Galván-Tejada Carlos E, Zanella-Calzada Laura A, Galván-Tejada Jorge I, Celaya-Padilla José M, Gamboa-Rosales Hamurabi, Garza-Veloz Idalia, Martinez-Fierro Margarita L
Unidad Académica de Ingeniería Eléctrica, Universidad Autónoma de Zacatecas, Jardín Juarez 147, Centro, 98000 Zacatecas, Zac, Mexico.
Facultad de Ciencias, Universidad Autónoma de San Luis Potosí, Lateral Av. Salvador Nava s/n., 78290 San Luis Potosí, SLP, Mexico.
Diagnostics (Basel). 2017 Feb 14;7(1):9. doi: 10.3390/diagnostics7010009.
Breast cancer is an important global health problem, and the most common type of cancer among women. Late diagnosis significantly decreases the survival rate of the patient; however, using mammography for early detection has been demonstrated to be a very important tool increasing the survival rate. The purpose of this paper is to obtain a multivariate model to classify benign and malignant tumor lesions using a computer-assisted diagnosis with a genetic algorithm in training and test datasets from mammography image features. A multivariate search was conducted to obtain predictive models with different approaches, in order to compare and validate results. The multivariate models were constructed using: Random Forest, Nearest centroid, and K-Nearest Neighbor (K-NN) strategies as cost function in a genetic algorithm applied to the features in the BCDR public databases. Results suggest that the two texture descriptor features obtained in the multivariate model have a similar or better prediction capability to classify the data outcome compared with the multivariate model composed of all the features, according to their fitness value. This model can help to reduce the workload of radiologists and present a second opinion in the classification of tumor lesions.

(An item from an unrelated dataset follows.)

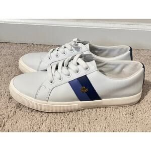 Lauren Ralph Lauren Janson II Leather Comfort Sneakers White/Blue Stripes 8.5

乳腺癌是一个重要的全球健康问题,也是女性中最常见的癌症类型。晚期诊断会显著降低患者的生存率;然而,使用乳房X光检查进行早期检测已被证明是提高生存率的一项非常重要的工具。本文的目的是通过在乳房X光图像特征的训练和测试数据集中使用遗传算法进行计算机辅助诊断,获得一个用于对良性和恶性肿瘤病变进行分类的多变量模型。进行了多变量搜索以使用不同方法获得预测模型,以便比较和验证结果。多变量模型是使用随机森林、最近质心和K近邻(K-NN)策略作为成本函数构建的,应用于BCDR公共数据库中的特征的遗传算法。结果表明,根据其适应度值,与由所有特征组成的多变量模型相比,多变量模型中获得的两个纹理描述符特征在对数据结果进行分类时具有相似或更好的预测能力。该模型有助于减轻放射科医生的工作量,并在肿瘤病变分类中提供第二种观点。